Now, we can go further in by differentiating our $f'(x)$  

$f'(x) = 12x^2 +6x -6$

$f''(x) = 24x +6$

we can put the values we obtained of x from $f'(x) = 0$ to find the curvature(or shape) of the curve at those points

$f''(-1) = -18$

this is a negative value, it shows that at this value of x, the curve looks like this: $\cap$ (this is known a concave shape)

$f''(\dfrac{1}{2}) = 18$

this this is a positive value, it shows that at this value of x, the curve looks like this: $\cup$ (this is knows as the convex shape)

with this much information we have some idea about the concavity. (i.e, for what range of x does the curve maintain $\cap$ shape and for what range of x the curve maintains $\cup$ shape?)

we know that for the intervals $(-\infty,-1) \cup(\dfrac{1}{2},\infty)$ the curve is increasing, but the shape remains like $\cap$ even after this range.

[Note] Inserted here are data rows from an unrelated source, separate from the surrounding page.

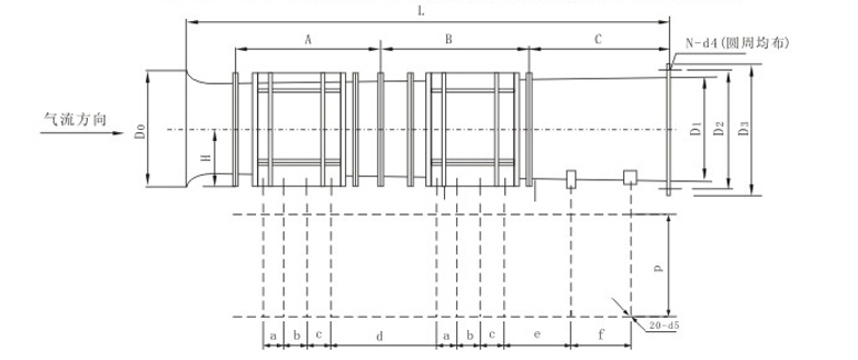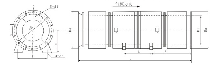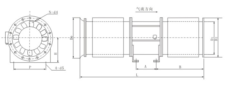 B2SDS-60~110型防爆隧道对旋轴流通风机外形图
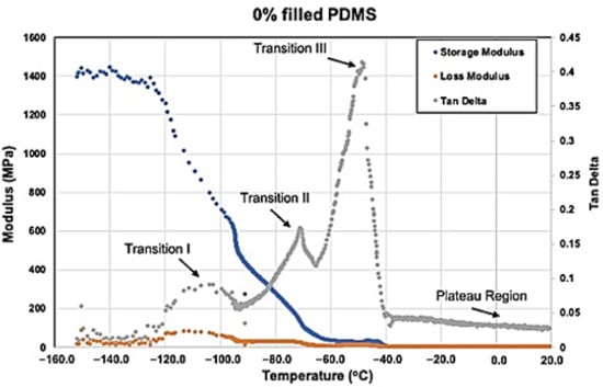 Storage Modulus, Loss Modulus, And Tan Delta Curves For 0% Filled PDMS From −150 °C To +20 °C. (Transition I not labeled).
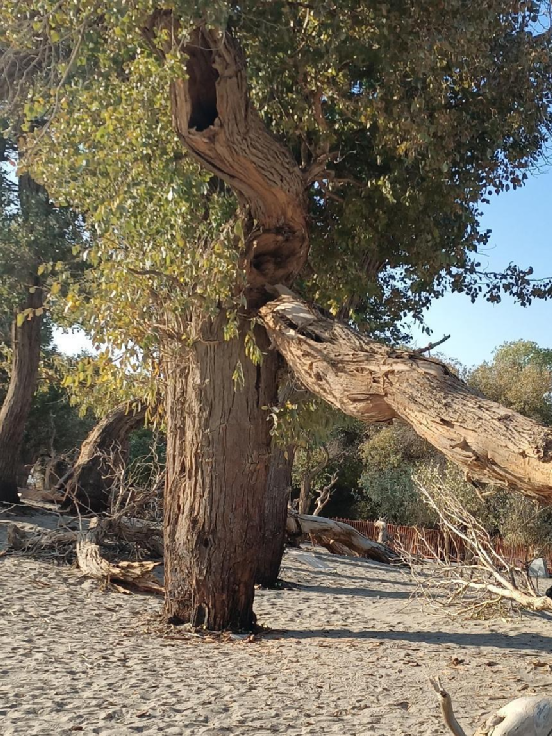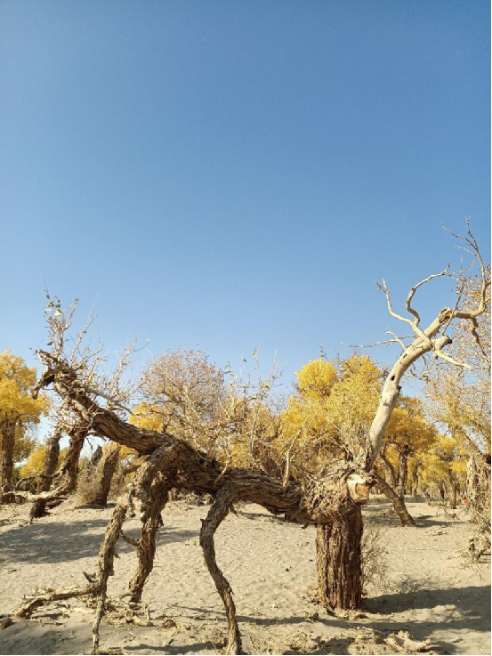 每當(dāng)深秋季節(jié),胡楊樹葉變得一片金黃,形成胡楊秋色,樹影婆娑,奇妙絕倫,賞心悅目。漫步在濃郁的胡楊林中仿佛進(jìn)入神話般的仙境。茂密的胡楊千奇百怪,神態(tài)萬般。粗壯的幾人難以合抱,挺拔的七、八丈之高,怪異的似蒼龍騰越,似虬蟠狂舞,令人驚奇不已,嘆為觀止。僅就密密匝匝的樹葉,也是風(fēng)采獨(dú)有。幼小的胡楊,葉片狹長而細(xì)小,宛若少女嫵媚的柳眉,人們常常把它誤認(rèn)為柳樹;壯齡的胡楊,葉片又變成卵形、闊卵形或三角形,猶如興安嶺的白樺;進(jìn)入老年期的胡楊,葉片才定型為橢圓形。更令人稱奇者,在同一棵胡楊樹冠的上下層次,還長著不同形狀的葉片,因此,又稱“異葉楊”
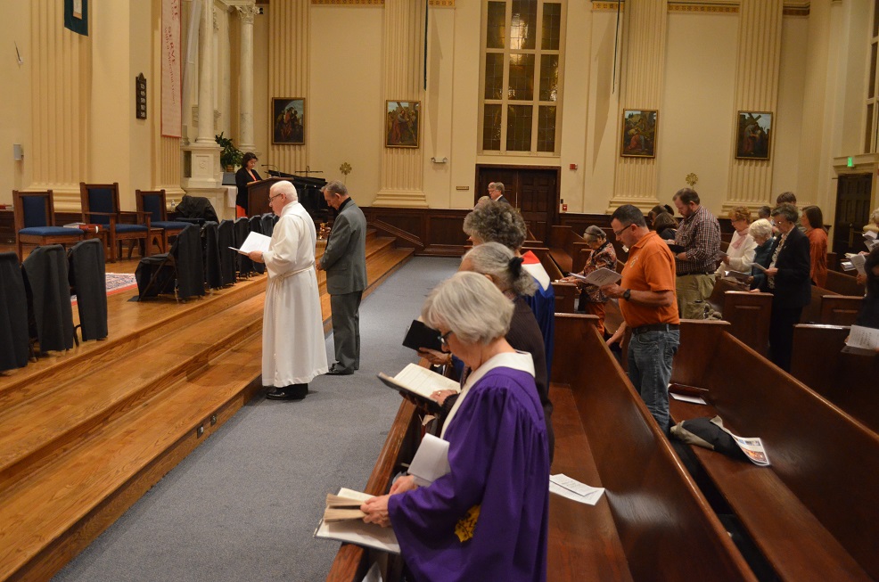 Deacon Doug Nathan, assisted by SK Pete Tokar, leads us in prayers during the memorial service.
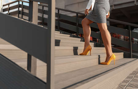 Closeup woman's feet in white sneakers walking up on the stair outside the building, step by step level concept
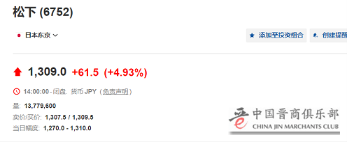 但是投资者们却认为这是一个重大利好。在6月25日的东京股市上,松下股价大涨近4.93%,升破1300日元,总市值3万亿日元(约合人民币1750亿元)。
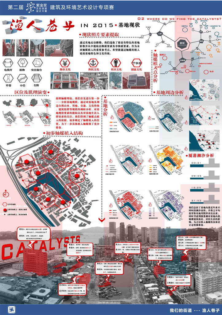 以触媒理论为基础,对所选基地现状进行要素提取。在现状中植入物质与非物质的触媒提出了老街区的建筑改造策略。通过触媒的作用引发街区建筑的持续性改进,从而营造活力社区文化核心。
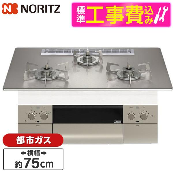 NORITZ N3WU2PWASKSTESC-13A 標準設置工事セット Orche S-FLAT ビルトインガスコンロ (都市ガス用 3口 両側強火力 75cmタイプ)
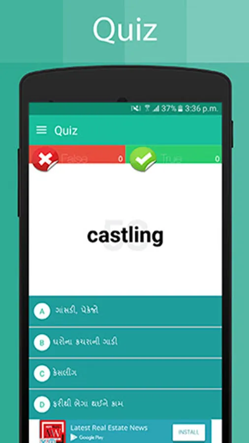 ✓ Learning a new language can not be done with a simple dictionary! We should put you in real cases to see if you will be able to speak with it or not. And that’s why, we developed a new quiz inside Gujarati dictionary! To take the quiz, you can easily tap the option icon in the top left side of the screen and choose quiz. Now, you will see a word in the screen with 4 answers, you will have to tap the answer that you think its right to see if it’s the good choice or not. Keep in mind, that there’s a countdown timer and if it finishes without a reply from you, then the quiz will ends.
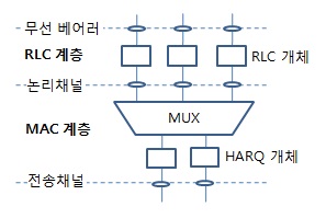 ㅇ 여러 논리채널(각각 RLC 개체와 연결됨)들이 하나의 전송채널로 다중화
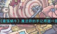 最强蜗牛游戏中魔法师的手记是小札魔匣封印事件中获得的道具,相信还有很多小伙伴不是很清楚魔法师的手记是什么,有什么用。下面小编给大家分享一下最强蜗牛魔法师的手记用途一览,感兴趣的小伙伴们一起来看一看吧。 魔法师的手记用途一览【道具介绍】 名字:魔法师的手记作用:使用之后可以获得一个专属密令获取途径:小札魔匣封印事件 【获取流程】 1、在第三次完成对话的时候可以解锁第三件事情,那就是得到20道封印,玩家每观看一个广告就可以解锁一个封印,把20个封印都解锁了就可以获得1根栴檀以及解锁一个新的封印宝箱。 2、新的宝箱有12道封印,玩家每观看一次广告都可以解锁一个封印,把封印全部解锁后可以得到一根栴檀及解锁一个更新的封印宝箱。 3、更新的宝箱有8道封印,玩家每观看一次广告都可以解锁一个封印,把封印全部解锁后可以得到一支香
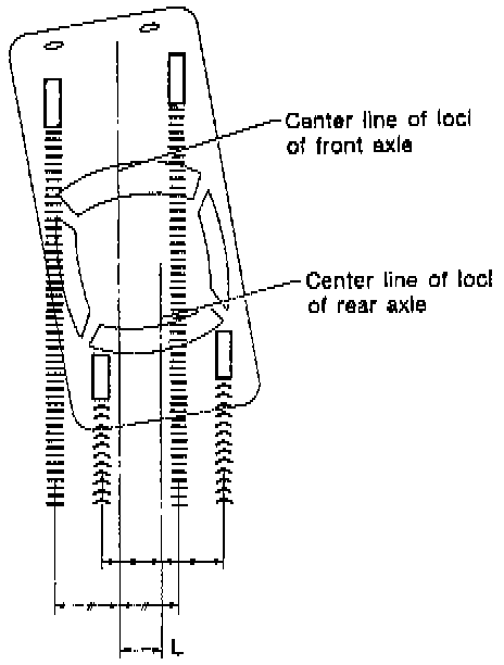 - When left and right adjusting bolts are turned incrementally by one graduation in the same direction, the thrust angle will change approximately 10' ["L" is almost equal to 7.5 mm (0.295 inch)].
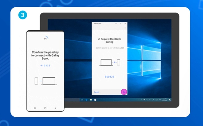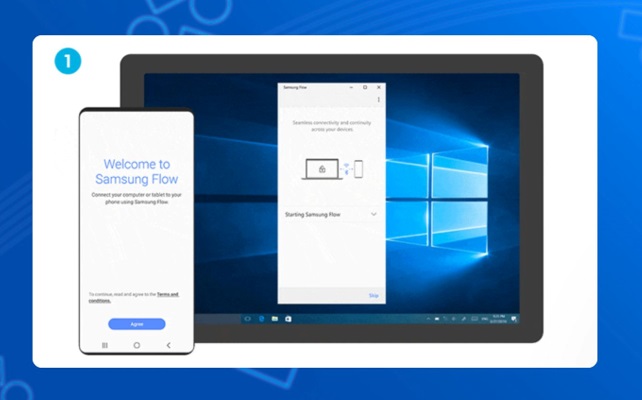 Trên điện thoại và máy tính thì tải và cài Samsung Flow từ cửa hàng ứng dụng tương ứng.
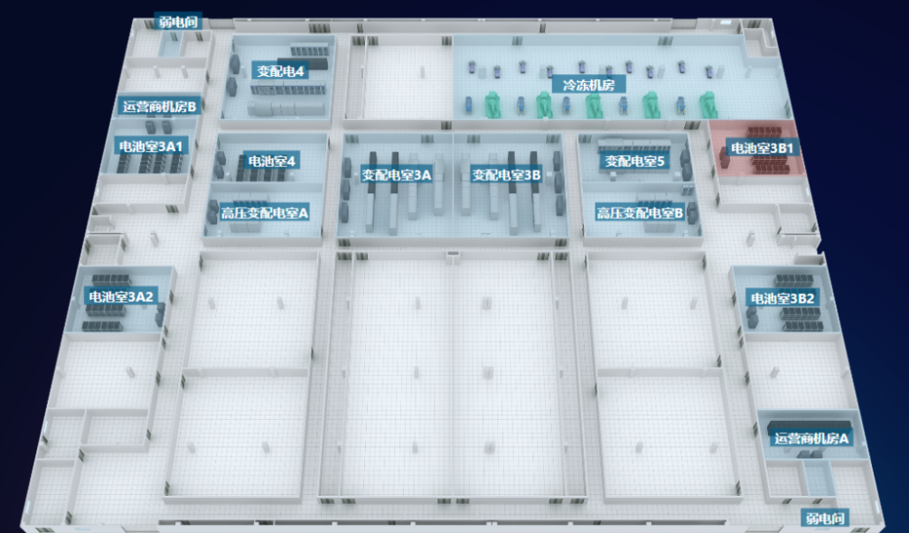 某數據中心建成較早,機房建筑面積約1.5萬㎡,地上兩層,一層設置為變配電室、蓄電池室、冷水機組室、運營商機房等電力和網絡基礎設施,見圖2。二層主要設置12間機房,總共可部署約3000組機柜,已部署1500組。供電系統設置兩臺110kV主變,2個10kV開閉所,4個10/0.4kV低壓變配電室,8臺低壓變壓器,總供電容量2萬KVA,低壓配電室配備有UPS設備以保障供電,末端共70面安科瑞ANDPF精密配電柜為IT設備提供主備電源。
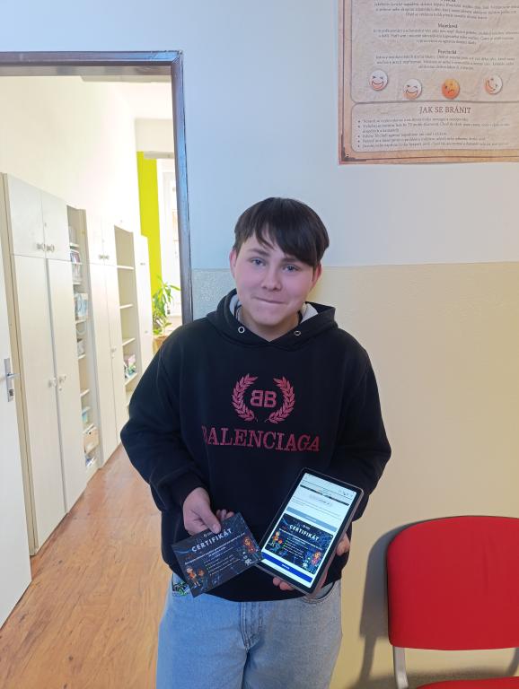 Dne 6. 11. 2025 žáci naší školy byli seznámeni s aplikací Digitální gramotnost od společnosti Glitr s.r.o. pod vedením lektorky Ing. Natálie Parlagi. Po úvodním vysvětlení se vydali po škole hledat QR kódy, podle instrukcí uvedených v aplikaci. Každý nalezený a naskenovaný kód je posunul o krok dál v plnění digitálních úkolů. Po úspěšném splnění celé aktivity získali žáci certifikát. Na závěr proběhla společná zpětná vazba, ve které žáci zhodnotili průběh i přínos programu.
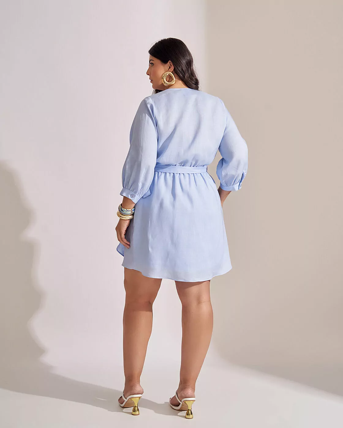 Vestido com mangas ? e decote transpassado. Possui elástico em toda circunferência da cintura. botão tingido no fechamento da manga e possui forro na parte da saia costas.
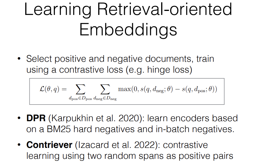 So how we learn Retrieval-oriented Embeddings? The normal way we do this is we select positive and negative documents and then train using a contrastive loss.
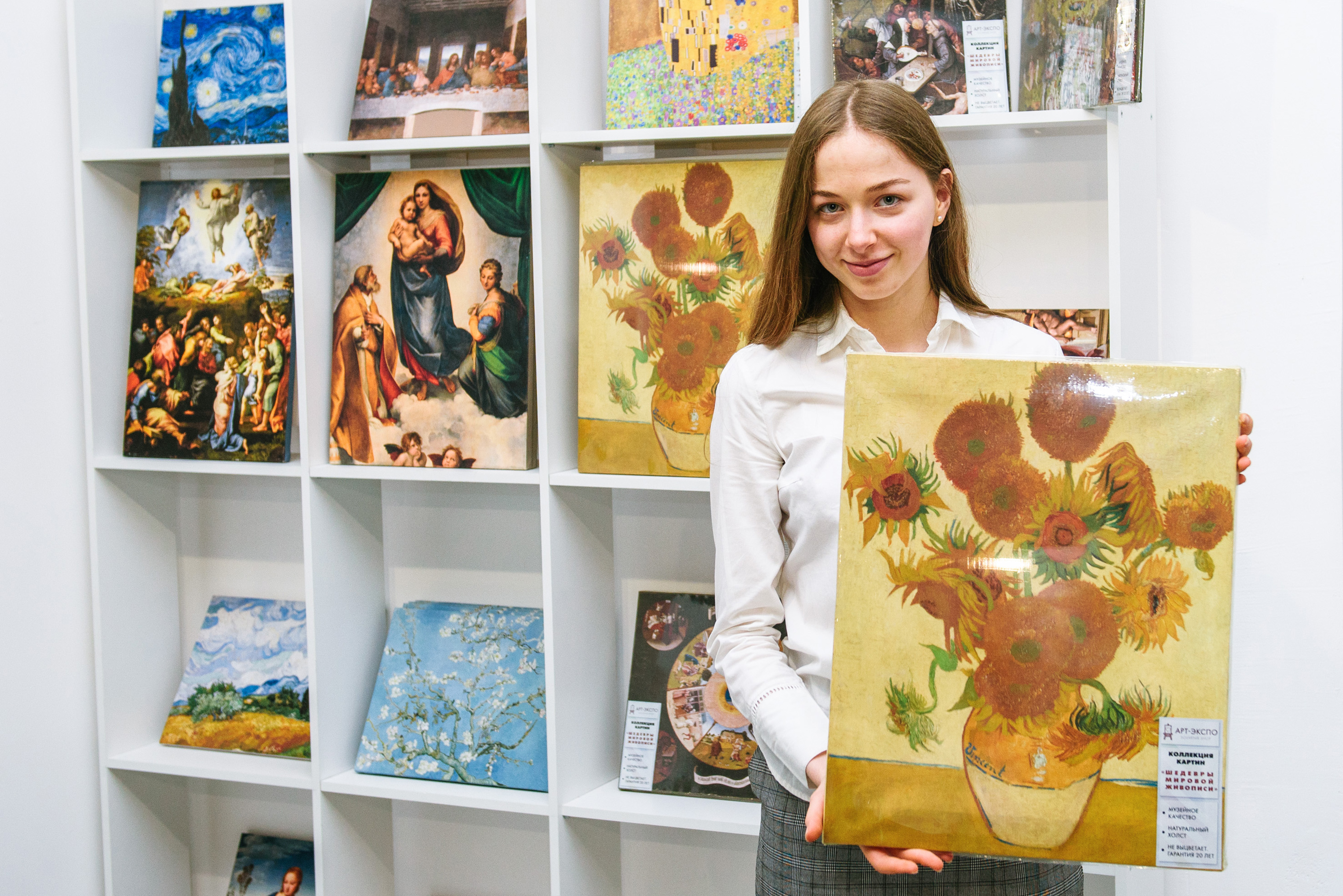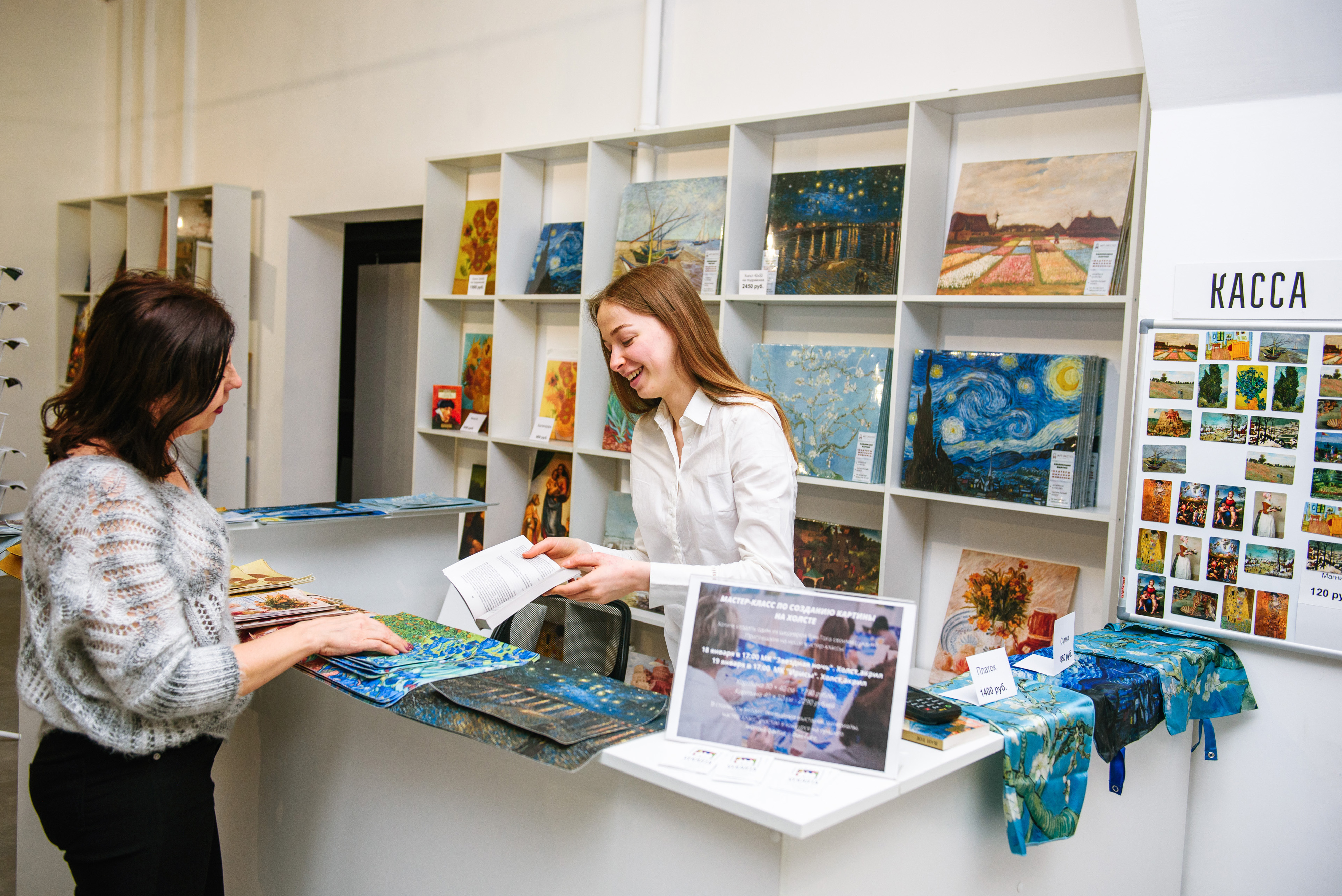 Мы создали для Вас множество сувениров с любимыми картинами - от репродукций на холсте любых размеров, до шелковых платков и стильных сумок. Покупка сувенира с любимым сюжетом - неотъемлемая часть визита на выставку у наших посетителей.

So what we need is a point where the two shapes begin to change:

and that is the inflection point:

to put in terms of math: the inflection point is where: $f''(x) = 0$

$f''(x) = 24x +6$

$0 = 24x +6$

$x = -0.25$

this is the point where concave turns to convex.

the inflection point is:  $x = 0.25$

the range of concavity is: $(-\infty,0.25)$

for fun we can also find the range of convexity

the range of convexity is: $(0.25, \infty)$

hopefully, this was helpful and a fun read.